Forget what you think you know about Dish’s bumpy entrance into the 5G market. 

Dave Mayo, executive vice president of network development at Dish told Silverlinings that the nascent mobile network operator (MNO) wouldn’t have met its FCC-mandated target of June 14, 2022 to cover 20% of the U.S. population with 5G at all, without having Amazon Web Services (AWS) hosting Dish’s 5G core in its cloud. 

“We’ve put the whole core network in the cloud, utilizing AWS, which is different than anybody has done — frankly — at this scale on the planet,” Mayo said.

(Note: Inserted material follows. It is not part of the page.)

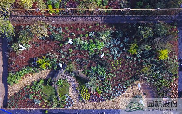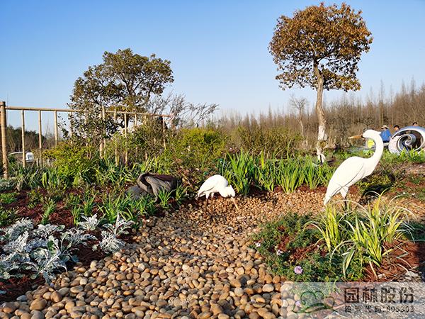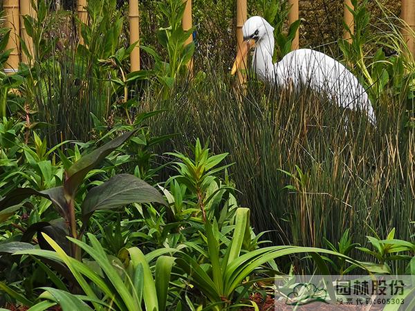 “泽·颂”花境景观选取了湿地中三种类型,分别以木本花境、观赏草混搭宿根植物、枯木苔藓三种植物景观模式,模拟自然湿地的灌丛、草甸、藓类三种不同类别湿地景观,通过丰富的花境植物材料及水鸟造型、枯木等的应用,表现近几年来建设新时代美丽杭州、打造“湿地水城”、提升生态人文景观建设过程中取得的成果。

Mayo said that deploying the network this way gives Dish a massive time-to-market advantage. “I’ve built networks before in my past life, as you know,” Mayo said. “It would have taken us a lot longer to have built out the core network and the switching centers in order to be able to host that ourselves.”

Enterprise Incoming

Mayo also stated that the cloud-native network will give Dish a substantial leg-up in the enterprise space. “We will be able to deploy core network elements in enterprise locations and mitigate the need for those enterprises to send their data back to our switching center,” Mayo said.

“That’s a really big deal,” he continued. Certain industries [For instance, banks and hospitals] just really don’t want their data leaving their facilities, Mayo stated.

“I think you’ll begin to see us putting our toe in the enterprise space this year,” Mayo said. “I don’t think it will be until 2024 that you see us doing really meaningful things .”

Mayo said that 2023 will be all about Dish getting its consumer 5G offering into place.

Nonetheless, Dish is beginning its enterprise push. “[Marc] Rouanne has started to kick off some programs with the developer ecosystem to expose our interfaces, such that they can develop new and differentiated service models,” Mayo said.

We’ll have to see what apps and services might derive from Dish flashing its APIs at passing cloud developers. Hopefully, the greenfield carrier can hold onto its top talent as it ventures into the largely unexplored territory of cloud-native 5G.

For his part, Mayo doesn’t expect that we will see much 5G virtualized network slicing, which has been heavily hyped for enterprise users since 2019, arrive this year. “I think that operators are at various stages in terms of their implementation of slicing capabilities,” Mayo said. “And I think CIOs are scratching their heads and saying, ‘What do I really need?’” 

For his part, Mayo thinks we are in a flattened hype cycle right now, and enterprise 5G features like network slicing will finally emerge over the next two years.